BFO에 대한 유기물의 혼합비는 필요에 따라 적절하게 설정하는 것이 가능하다. 만일 유기물의 혼합비가 높아지게 되면 혼합물의 다강특성은 낮아지는 반면에 형성온도와 누설전류값은 낮아지게 되고, 유기물의 혼합비가 낮아지게 되면 혼합물의 다강특성은 높아지는 반면에 형성온도와 누설전류값은 높아지게 된다.The mixing ratio of organic matter to BFO can be appropriately set as necessary. If the mixing ratio of the organic material is increased, the multi-temperature characteristics of the mixture are lowered while the formation temperature and leakage current value are lowered. If the mixing ratio of organic materials is lowered, the multi-temperature property of the mixture is increased while the formation temperature and leakage current value are increased. do.
한편, BFO와 유기물의 혼합물은 예컨대 다음 방식을 통해 형성할 수 있다.On the other hand, a mixture of BFO and organics can be formed, for example, in the following manner.
1. BFO와 유기물(또는 유기물 다강체) 파우더를 혼합한 후, 이를 용매에 녹여서 혼합 용액을 생성.1. After mixing BFO and organic (or organic multi-rigid) powder, dissolve it in a solvent to produce a mixed solution.
2. BFO 용액에 유기물(또는 유기물 다강체) 파우더를 용해시켜 혼합 용액을 생성.2. Dissolve the organic (or organic multi-rigid) powder in the BFO solution to form a mixed solution.
3. 유기물(또는 유기물 다강체) 용액에 BFO 파우더를 용해시켜 혼합 용액을 생성.3. Dissolve the BFO powder in an organic (or organic multi-rigid) solution to form a mixed solution.
4. BFO 용액과 유기물(또는 유기물 다강체) 용액을 혼합하여 혼합 용액을 생성.4. Mix the BFO solution and the organic (or organic multi-rigid) solution to form a mixed solution.

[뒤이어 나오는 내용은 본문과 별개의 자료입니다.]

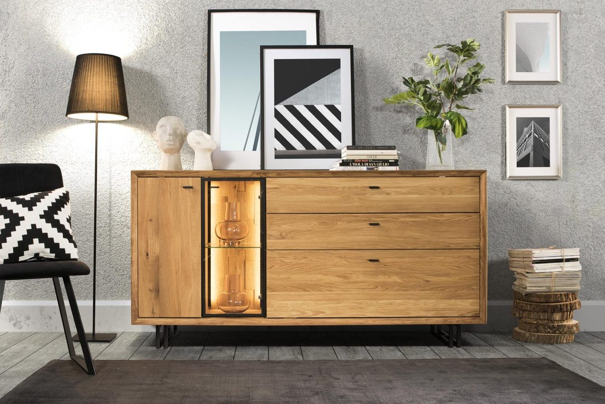 Gustowna i nowomodna komoda Toledo do pokoju zrobiona z litego drewna dębowego najlepszego gatunku z fornirowanymi detalami idealnie dopasuje się do każdego wnętrza niejednej jadalni czy salonu. Stateczna konstrukcja oraz gustowne i awangardowe wykończenie sprawią, że drewniana komoda do salonu fenomenalnie uatrakcyjni każde wnętrze. Toledo posiada funkcjonalne drzwiczki, klapę i bardzo praktyczną szufladę, a także przeszkloną cześć, która wyeksponuje każdą dekorację.

본 발명에 따른 다강체 물질은 다음과 같은 특성을 갖는다.The multi-rigid material according to the invention has the following characteristics.
1. BFO와 유기물의 혼합 용액을 이용하여 다강체층을 형성하게 되므로, 잉크젯, 스핀코팅법 또는 스크린 인쇄 등을 이용하여 용이하게 다강체층을 형성할 수 있게 된다.1. Since a multi-rigid layer is formed using a mixed solution of BFO and organic matter, it is possible to easily form a multi-rigid layer using inkjet, spin coating, or screen printing.
2. 다강체층의 형성온도가 낮아지게 되므로 실리콘 기판상에 고품질의 다강체층을 형성할 수 있게 된다.2. Since the formation temperature of the multi-rigid layer is lowered, it is possible to form a high-quality multi-rigid layer on the silicon substrate.
3. 다강체층의 형성온도가 낮아지게 되므로 압전소자, 초전소자, 전계효과 트랜지스터, 강유전체 메모리를 기존의 실리콘 기판 대신에 유기물이나 종이 등과 같은 다양한 종류의 기판 상에 형성할 수 있게 된다.3. As the formation temperature of the multi-rigid layer is lowered, piezoelectric elements, pyroelectric elements, field effect transistors, and ferroelectric memories can be formed on various kinds of substrates such as organic materials or paper instead of the conventional silicon substrates.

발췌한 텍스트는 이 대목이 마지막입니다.